**Work to complete**
Look below for the line that has "Мяч массой 300"; output exactly from it through the line that has "- Wandhängender Konvektor", and leave the pictures out.

**Task input**
——————
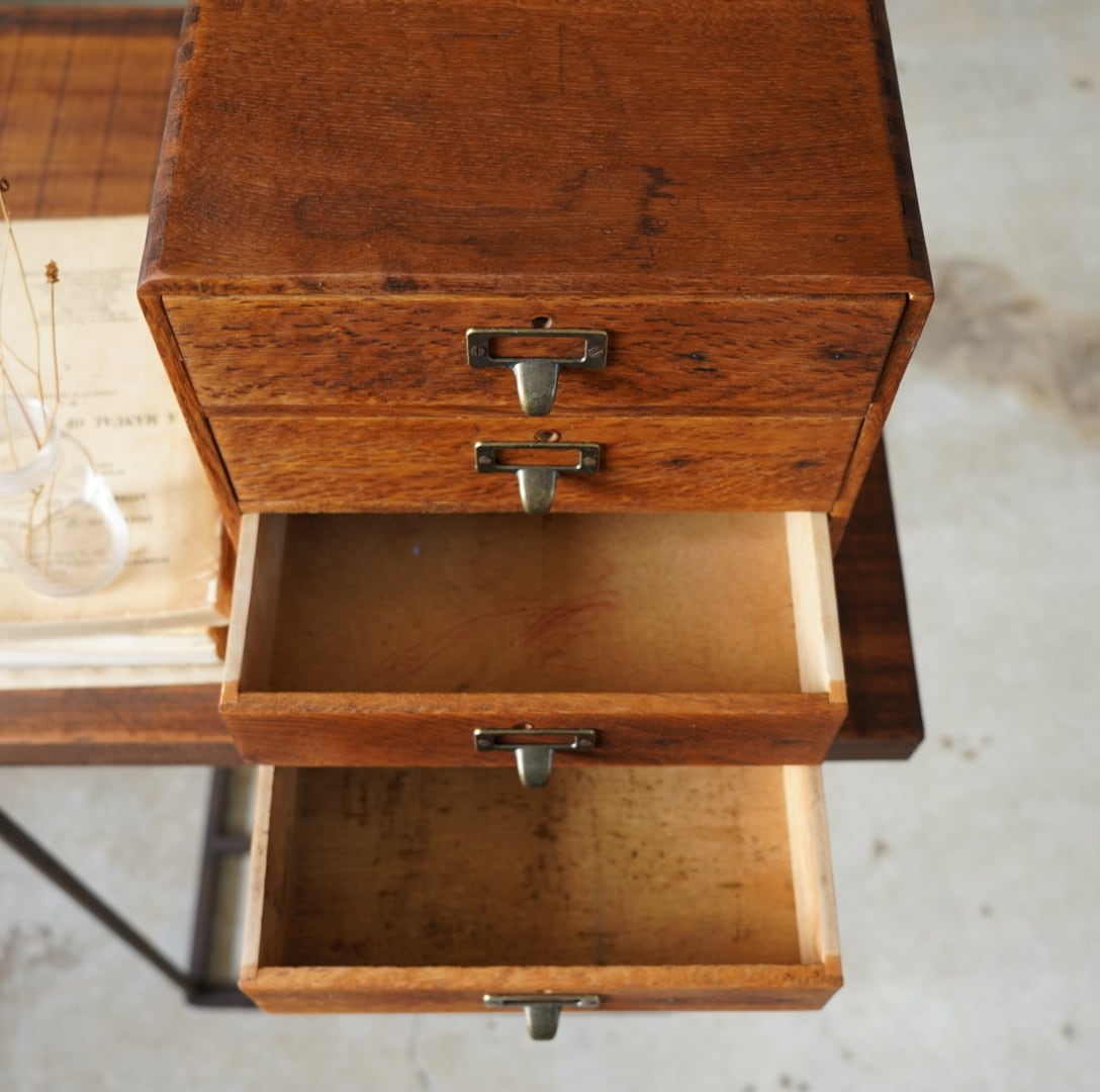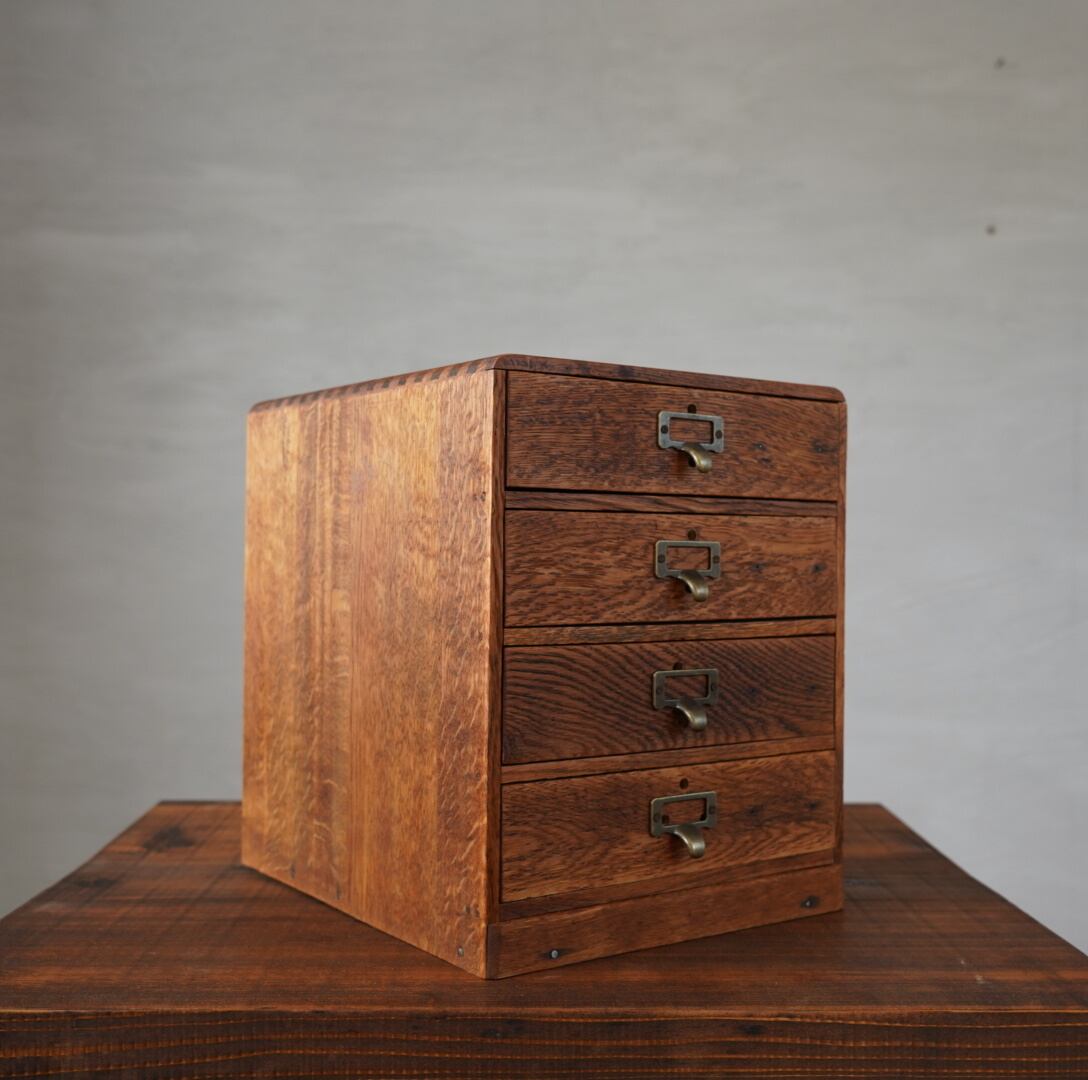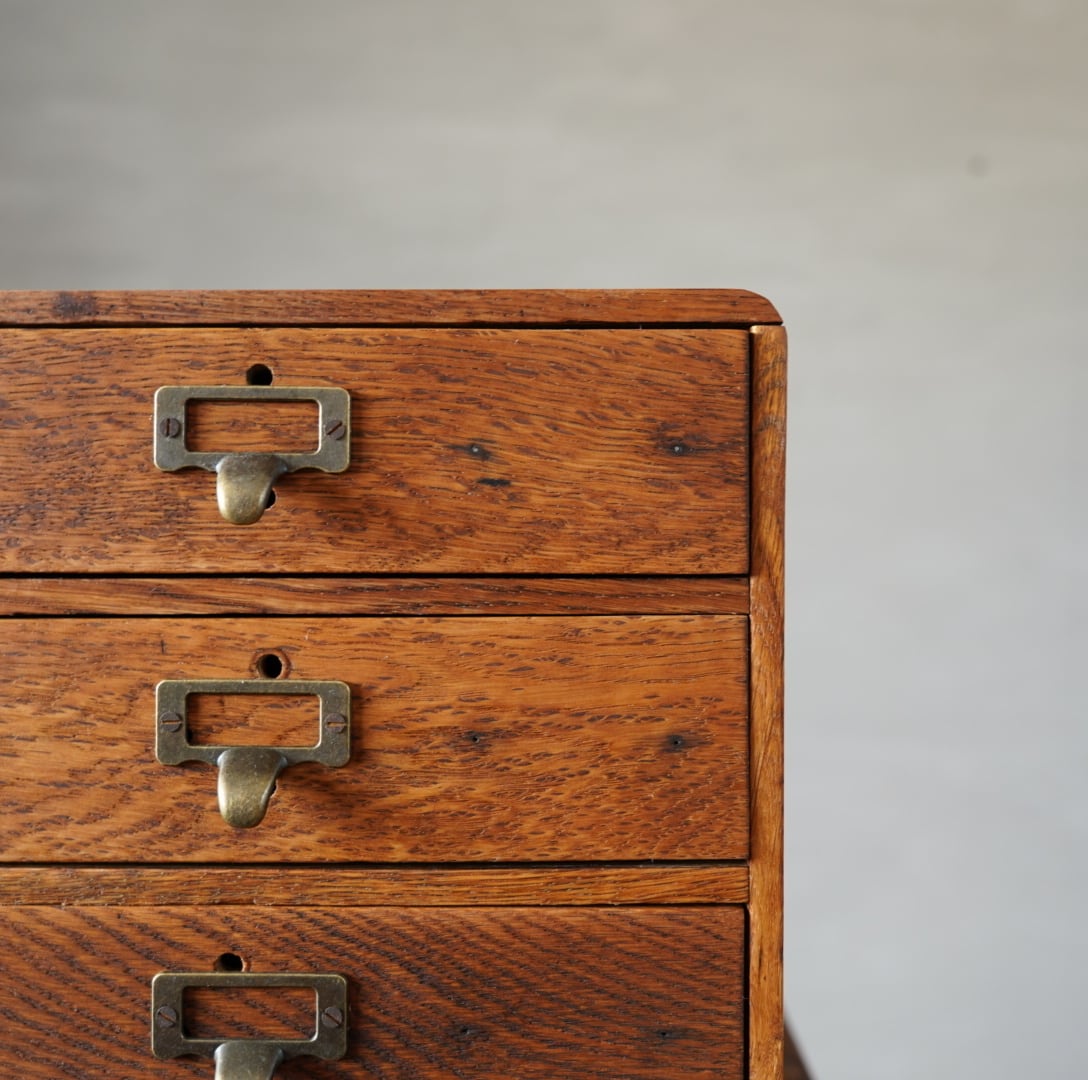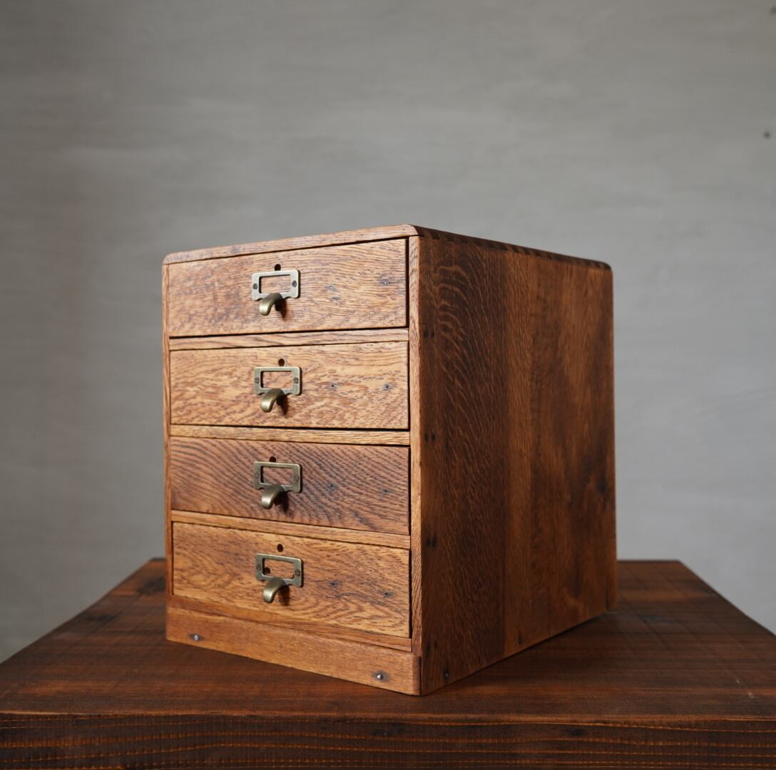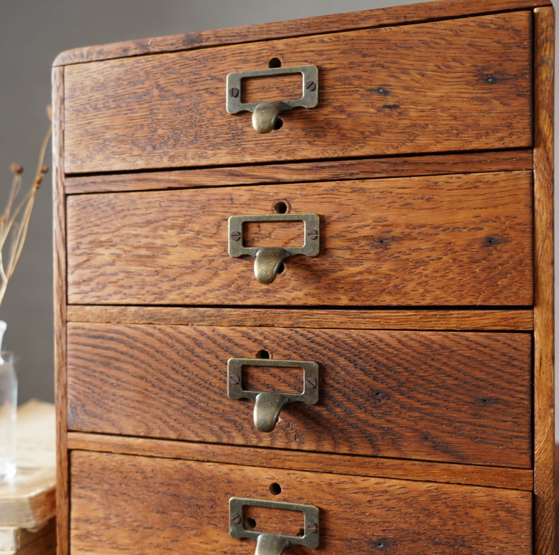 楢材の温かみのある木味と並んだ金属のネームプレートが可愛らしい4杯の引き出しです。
——————
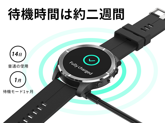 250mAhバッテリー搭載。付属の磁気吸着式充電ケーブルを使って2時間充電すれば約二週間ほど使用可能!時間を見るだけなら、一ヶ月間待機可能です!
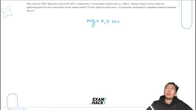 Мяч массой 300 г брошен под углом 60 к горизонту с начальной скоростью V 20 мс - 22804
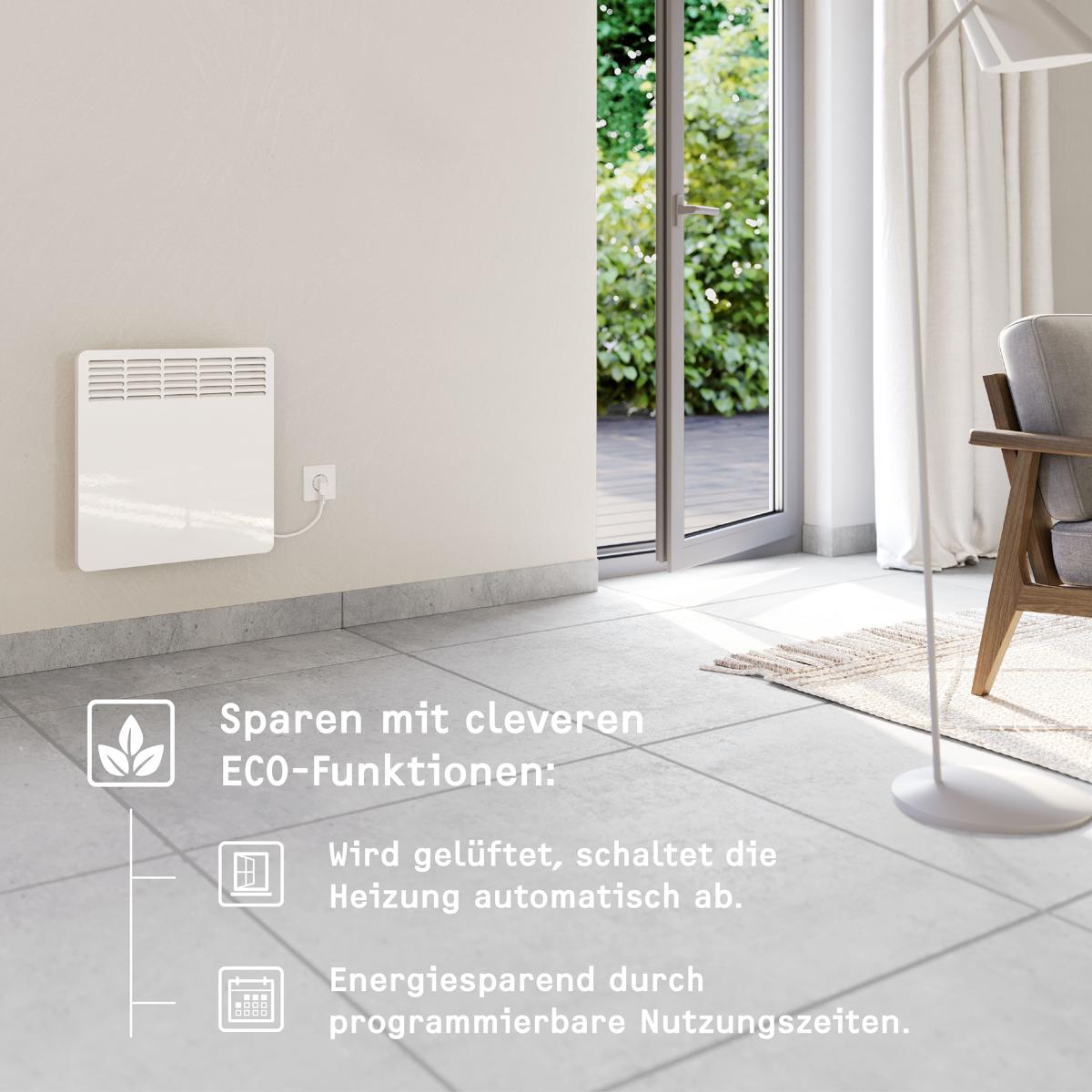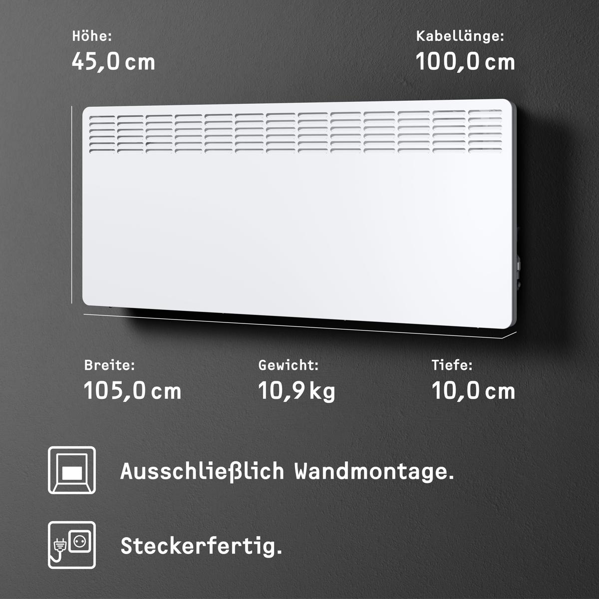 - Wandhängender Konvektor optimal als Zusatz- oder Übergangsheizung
——————
**Problem solution**
 Мяч массой 300 г брошен под углом 60 к горизонту с начальной скоростью V 20 мс - 22804
 - Wandhängender Konvektor optimal als Zusatz- oder Übergangsheizung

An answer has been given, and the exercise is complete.